[Information — start]

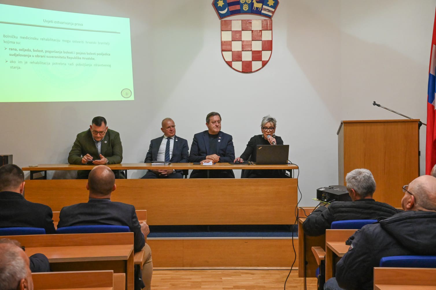 O pravima hrvatskih branitelja govorila je Eleonora Pavlović iz Ministarstva hrvatskih branitelja, koja je detaljno predstavila postojeće mjere i mogućnosti. Pojasnila je postupke ostvarivanja prava te ukazala na novosti i planirane aktivnosti usmjerene na dodatno jačanje položaja branitelja.
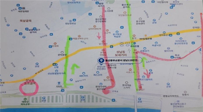 주민들은 “최근 대단위 아파트, 고층건물 건립, 재개발 등으로 성남동 일대 교통체증이 가중되고 있지만 구 시가지에서 강변으로 빠져갈 수 있는 차선이 부족하다”며 “특히 구 중부소방서 일대는 출퇴근 시간대에 극심한 정체를 빚어 대책이 시급하다”고 말했다. 이에 따라 강북로에 나들문(통로박스) 신설 등을 건의하고 울산시의회가 적극적으로 나서줄 것을 요청했다.
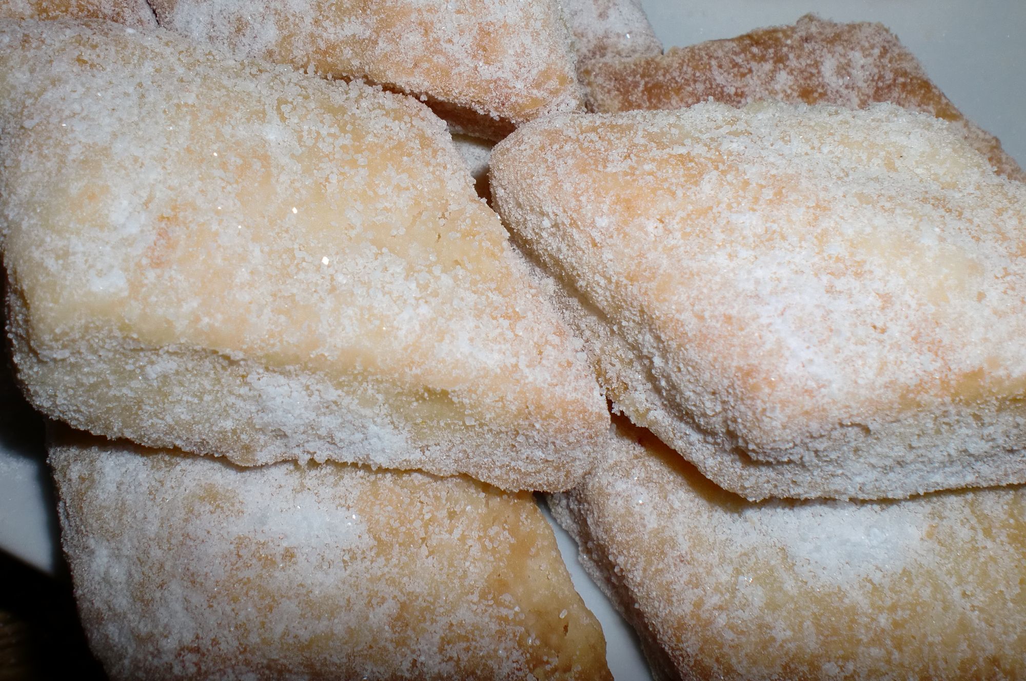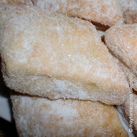 Deja la manteca de cerdo a temperatura ambiente, para que se ablande un poco. Mezcla con la harina, tamizada, el vino, el zumo de naranja, la ralladura de naranja, el agua de azahar y el azúcar en polvo, amasando brevemente hasta conseguir una masa lisa. En Thermomix puedes mezclar 10 seg a velocidad 5 y luego 1 minuto a velocidad espiga.
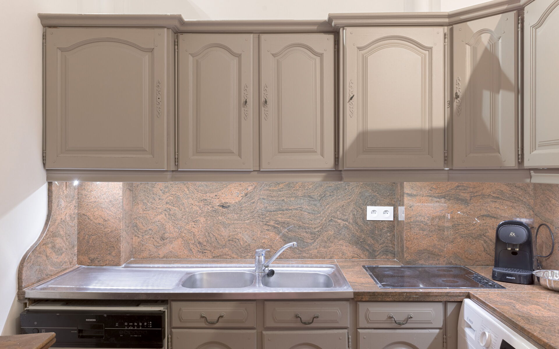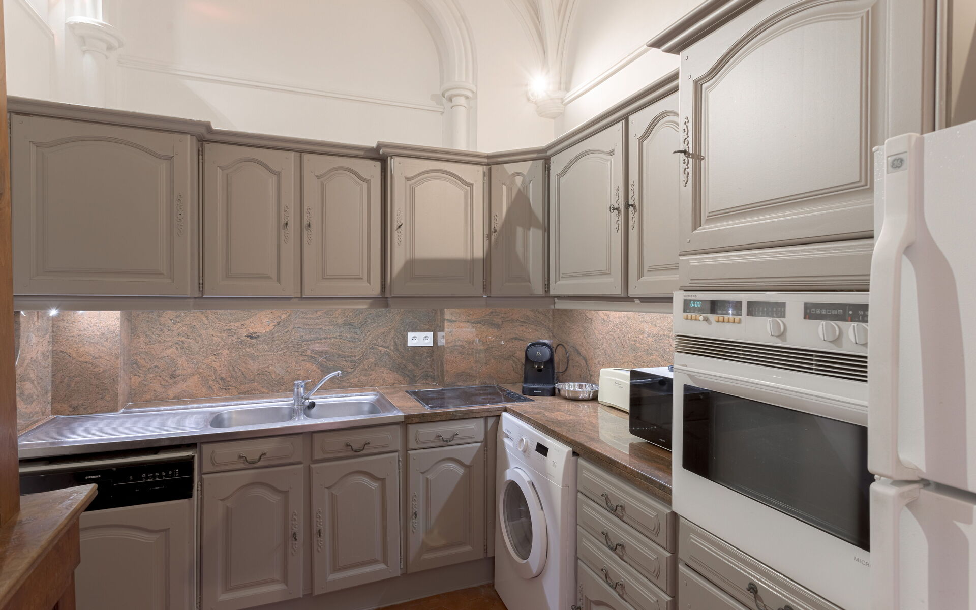 - Kitchen: fridge + kettle + toaster + oven + coffee maker + freezer + microwave + dishwasher
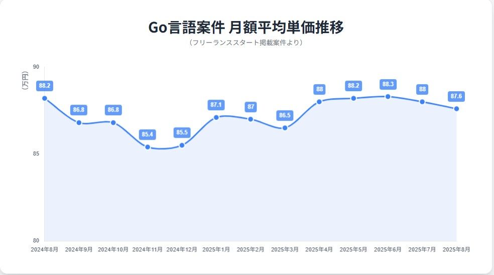 エン・ジャパンが運営する『フリーランススタート』の最新データを基に、2025年7~8月度のGo言語案件の単価動向を分析しました。
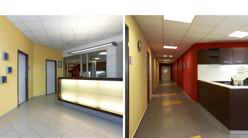 Entwicklung des räumlichen Erscheinungsbildes für Empfang, Patientenraum, Arbeitsräume, Cafeteria und Sanitärbereiche
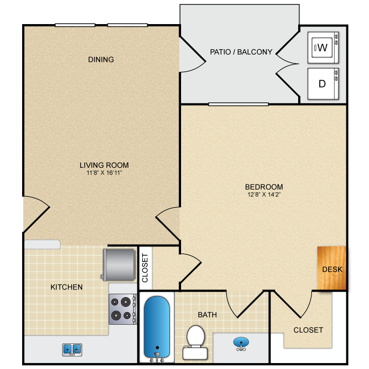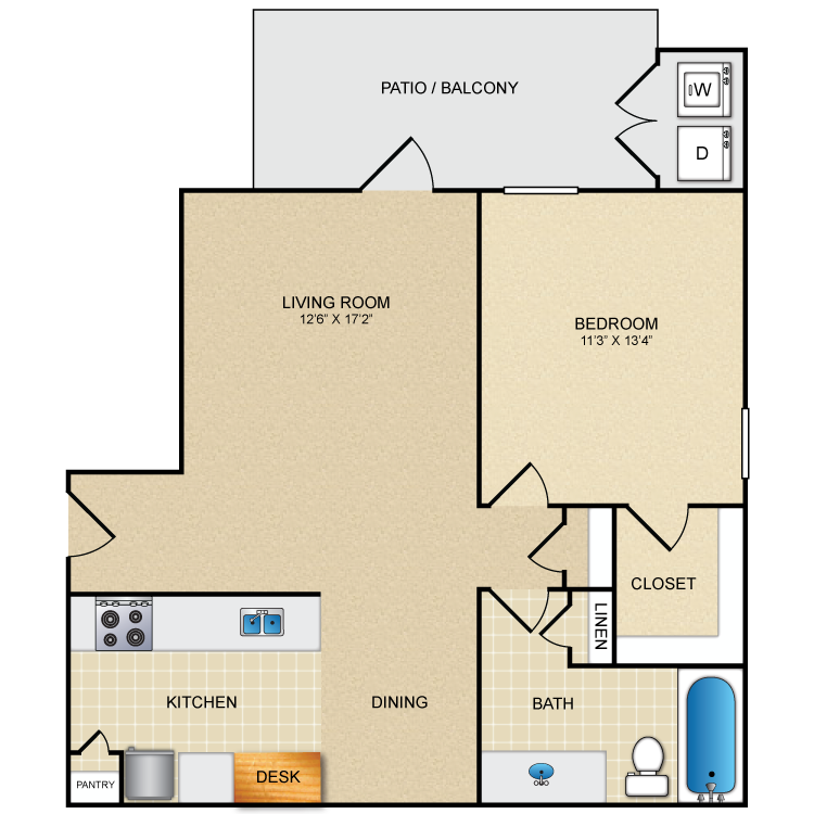 1 Bed, 1 Bath, 597 sq ftAvailable NowModel Gallery
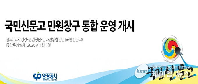(케이엠뉴스) 양평공사는 군민 중심의 민원 서비스를 강화하고 민원 처리의 신속성과 효율성을 높이기 위해 국민권익위원회가 운영하는 ‘국민신문고’ 시스템을 도입해, 4월 1일부터 전 시설을 대상으로 통합 민원창구 운영을 전면 시행한다고 밝혔다.
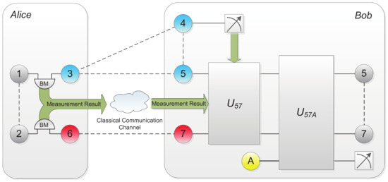 Bob then measures particle 4. If the result is , the teleportation fails. Otherwise, he continues to apply unitary operation on particles (5, 7) according to Equation (9). After that, Bob introduces an auxiliary particle A with its initial state and the system state changes into
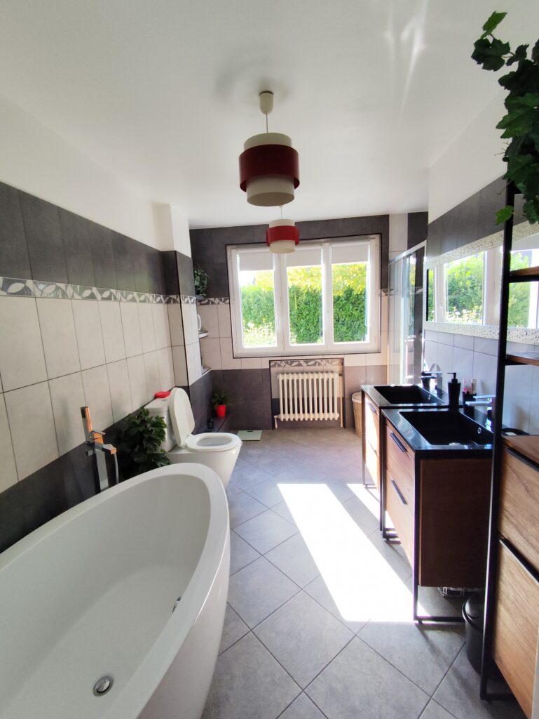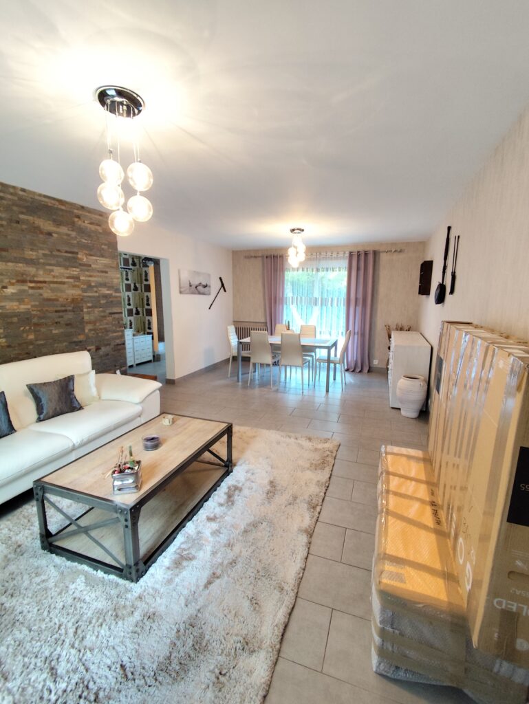 À l’étage, un palier dessert trois grandes chambres dont une avec dressing, ainsi qu’une salle d’eau moderne avec WC. Le sous-sol total comprend un garage, une buanderie, une cave et une grande pièce polyvalente pouvant servir de salle de jeux, de sport ou de home cinéma.
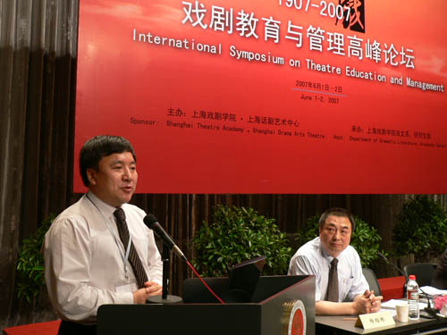 在上午的第一场发言中来宾分别进行的精彩主题发言有:上海戏剧学院副院长韩生做《大戏剧教育观》主题发言;上海戏剧学院表演系教授陈明正做《回顾上海戏剧学院表演系的风雨六十年――为纪念中国话剧诞生百年而作》主题发言;上海戏剧学院导演系教授胡导做《导演教学要发展,要持续发展》主题发言;上海戏剧学院戏文系教授荣广润做《实践能力训练与专业基础并重――戏文系人才培养之道》主题发言;上海戏剧学院舞美系教授丁加生做《往后看――舞台美术教学回眸》主题发言;上海戏剧学院戏曲学院教授宋捷做《中国戏曲的导、表演教学》主题发言。
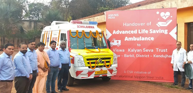 Bhubaneswar: To strengthen the rural healthcare system ArcelorMittal Nippon Steel India under its Corporate Social Responsibility intervention haspresentedan Advanced Life Support (ALS) Ambulance to Viswa Kalyan Seva Trust, an NGO working for community welfare in Odisha and Jharkhand. This ALS Ambulance will be managed by Viswa Kalyan Seva Trust and offer free of cost healthcare services in 50 villages of Odisha and Jharkhand. A team of doctors and paramedical staff will be visiting the villages at regular intervals to ensure better patient care. This state-of-the-art critical life-saving ambulance is equipped with defibrillator, ventilators, suction machine, nebulizer, Automatic BP apparatus, Head Immobiliser, Cervical collar, Oxygen cylinder, Portable X Ray, ECG, Pathology setup and others.

[Information — finish]

■ **Task directions**
Would you please reproduce the entries above, starting at the line with "エン・ジャパンが運営する『フ" and stopping after the line with "Bob then measures"? Omit any pictures.

■ **Exercise response**
 エン・ジャパンが運営する『フリーランススタート』の最新データを基に、2025年7~8月度のGo言語案件の単価動向を分析しました。
 Entwicklung des räumlichen Erscheinungsbildes für Empfang, Patientenraum, Arbeitsräume, Cafeteria und Sanitärbereiche
 1 Bed, 1 Bath, 597 sq ftAvailable NowModel Gallery
(케이엠뉴스) 양평공사는 군민 중심의 민원 서비스를 강화하고 민원 처리의 신속성과 효율성을 높이기 위해 국민권익위원회가 운영하는 ‘국민신문고’ 시스템을 도입해, 4월 1일부터 전 시설을 대상으로 통합 민원창구 운영을 전면 시행한다고 밝혔다.
 Bob then measures particle 4. If the result is , the teleportation fails. Otherwise, he continues to apply unitary operation on particles (5, 7) according to Equation (9). After that, Bob introduces an auxiliary particle A with its initial state and the system state changes into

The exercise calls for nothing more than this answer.